Note for those who don’t yet know the e-book creation workflow at Distributed Proofreaders: After a scanned book is turned into editable text, it goes through three rounds of proofreading. The third, P3, is the most challenging, as it requires the most expertise and the closest attention, so sometimes a project has to wait awhile until P3-qualified proofreaders can get to it. The P3 Diehards team has dedicated itself to rescuing projects that are languishing in that round.
I woke up this morning with a minor headache, So the first line of business: There’s coffee to make!
The headache was due to some major proofreading, But I wanted to help move some books to smooth reading.

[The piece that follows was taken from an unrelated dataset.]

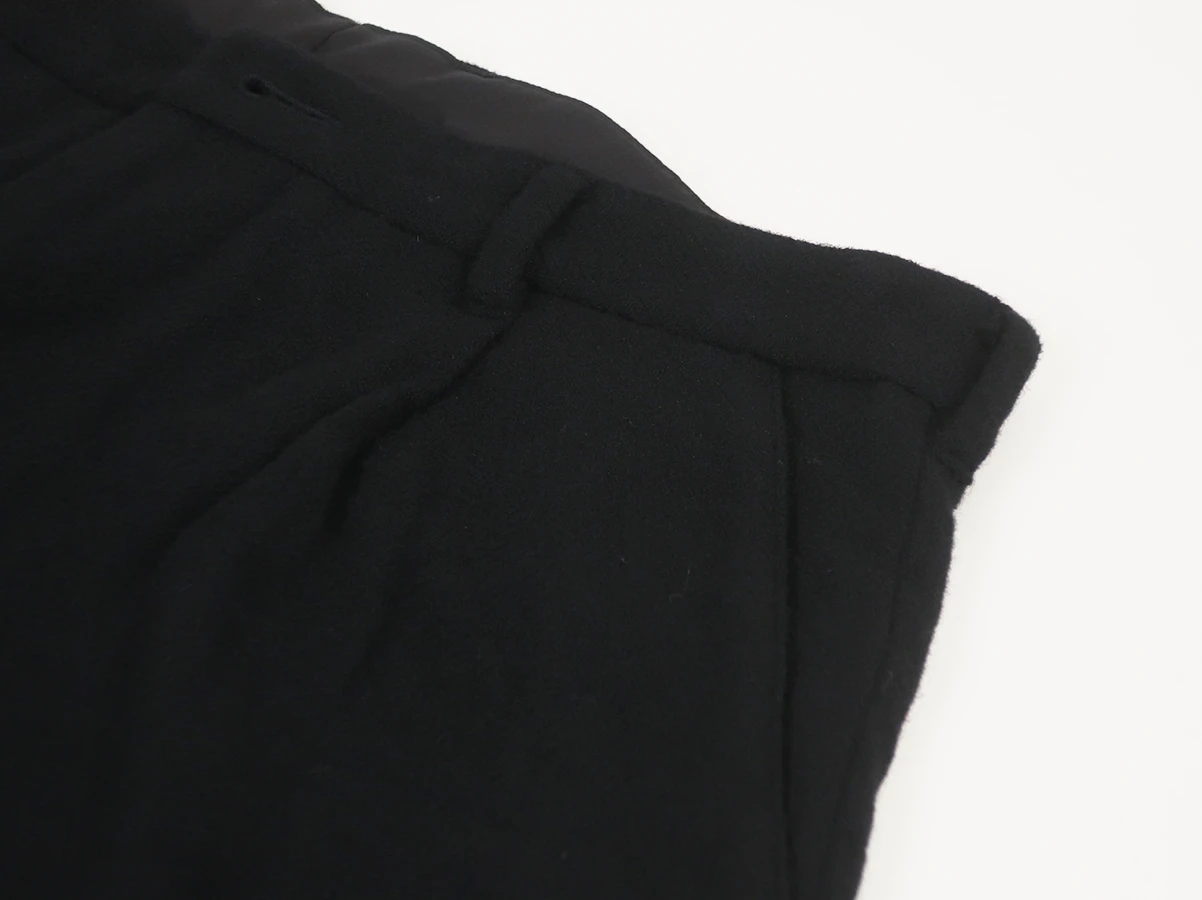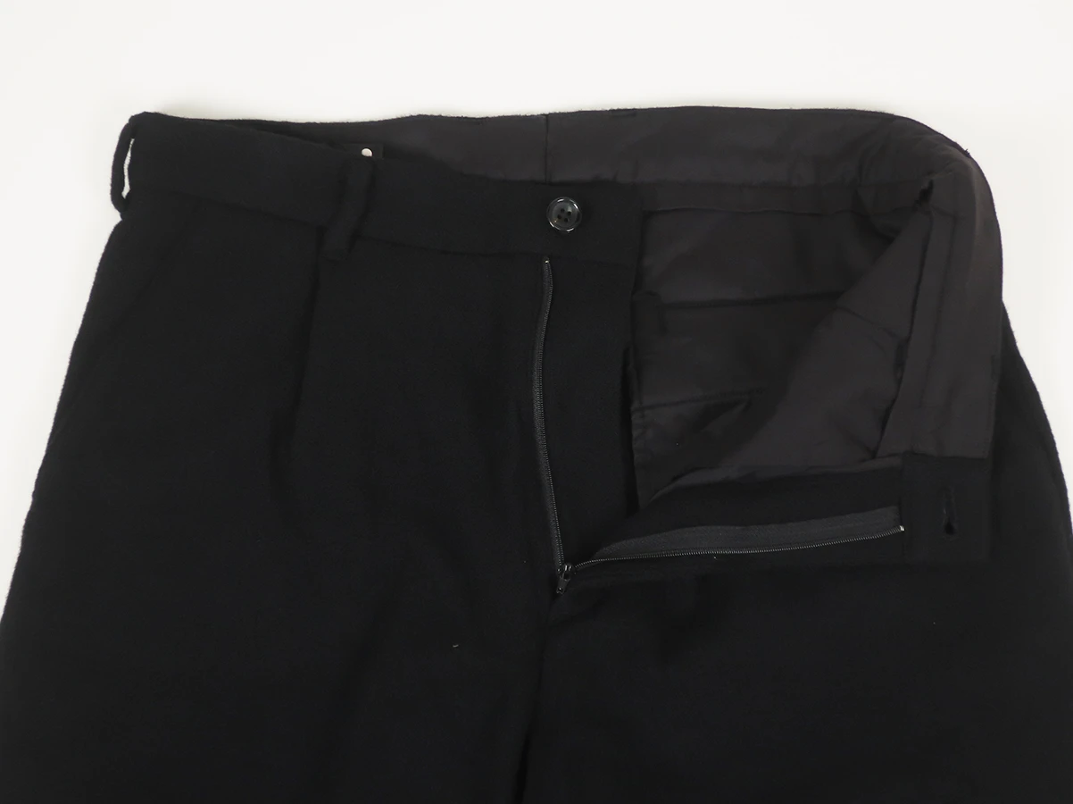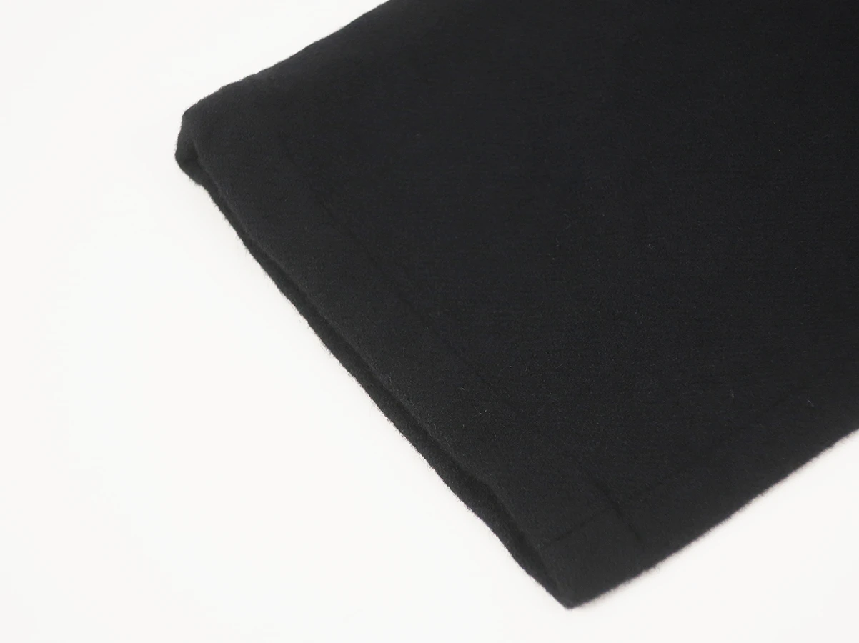 縮絨ウール特有のふくらみと落ち感が相まって、上品さの中にリラックスした空気感を漂わせます。単品での着用はもちろん、同素材ジャケットとのセットアップスタイルもおすすめ。ラフさと上品さを兼ね備えた大人の一本。

I found my new passion at DP last year ‘Cause there’s so much to do plus there’s fellowship here.
The challenge was huge, but my spirit was keen, And each day I leaned on my good friend: Caffeine.
Each day I made progress, but slow in my mind. The goal seemed beyond reach; I felt so behind.
This goal was to help in the most needed place Where projects sat languished, forgotten, misplaced.
But one thing that kept me on path to my goal Was seeking that something that feeds mind and soul.
So, first was the hurdle of gaining the level Where trust must be earned and to demonstrate mettle.
I thought I was hopeless to learn any more, But my mentors worked wonders with guidance galore!
Then one day my inbox had news I had hoped for: Clear access to P3; it made my heart soar!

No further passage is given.